The task
Skip the pictures and restate, word for word, the lines from the one containing "Eleanor Wedding Menu" to the end of the data below.

Provided material

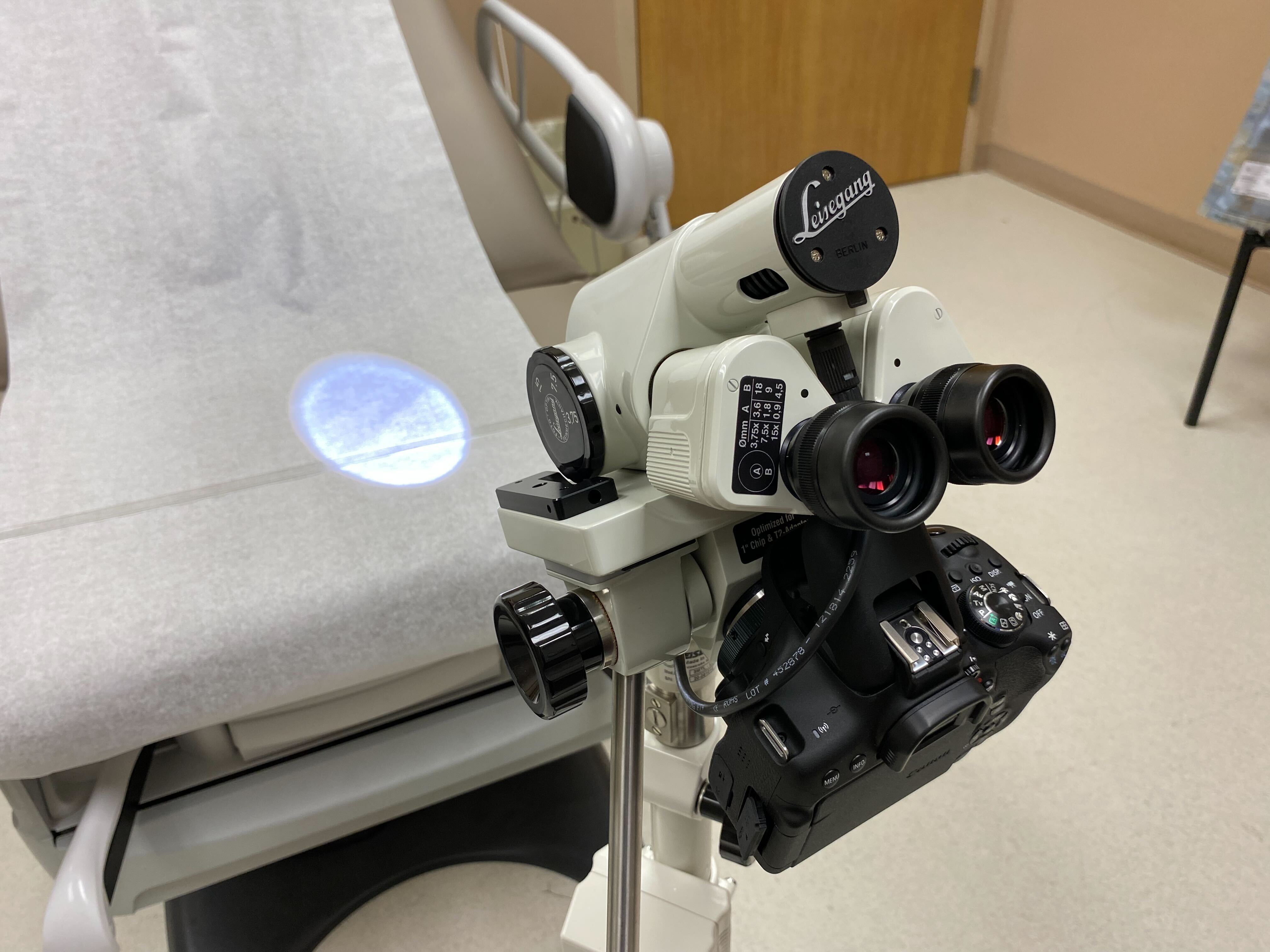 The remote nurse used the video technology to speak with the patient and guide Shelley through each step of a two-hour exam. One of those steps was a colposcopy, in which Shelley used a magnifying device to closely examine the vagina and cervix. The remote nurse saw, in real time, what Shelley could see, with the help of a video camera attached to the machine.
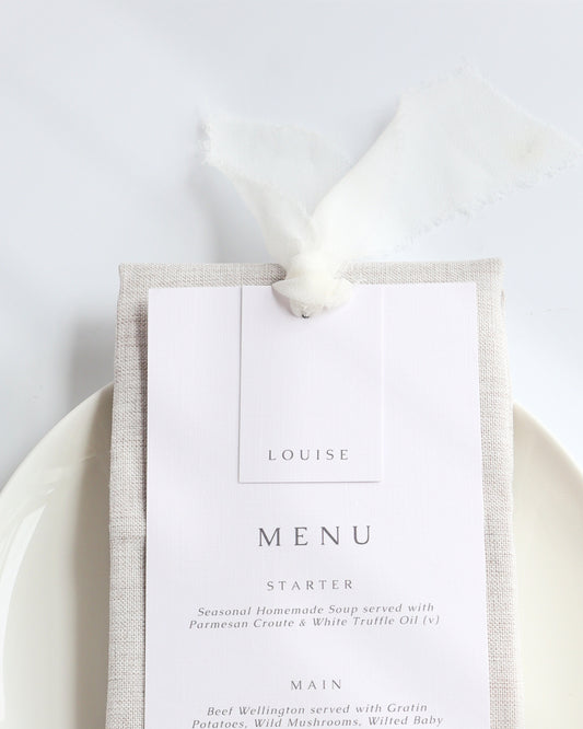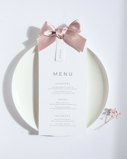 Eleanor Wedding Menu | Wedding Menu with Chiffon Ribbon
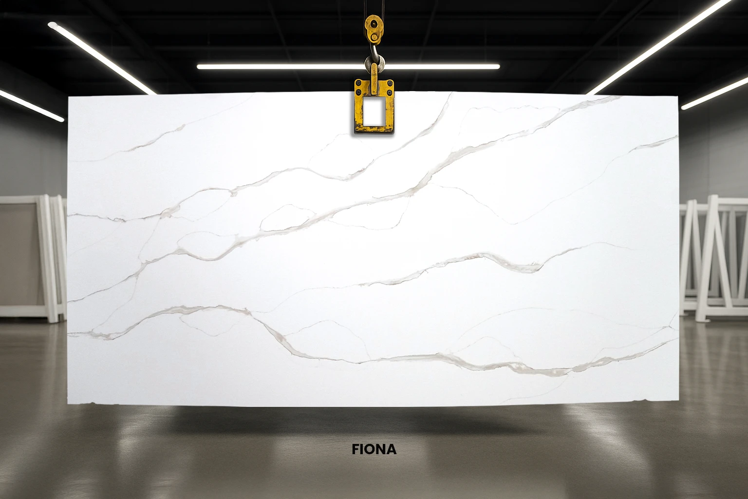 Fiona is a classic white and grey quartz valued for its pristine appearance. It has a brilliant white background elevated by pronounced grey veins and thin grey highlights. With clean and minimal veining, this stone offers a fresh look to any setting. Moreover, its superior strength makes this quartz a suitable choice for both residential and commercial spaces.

Answer space
 Eleanor Wedding Menu | Wedding Menu with Chiffon Ribbon
 Fiona is a classic white and grey quartz valued for its pristine appearance. It has a brilliant white background elevated by pronounced grey veins and thin grey highlights. With clean and minimal veining, this stone offers a fresh look to any setting. Moreover, its superior strength makes this quartz a suitable choice for both residential and commercial spaces.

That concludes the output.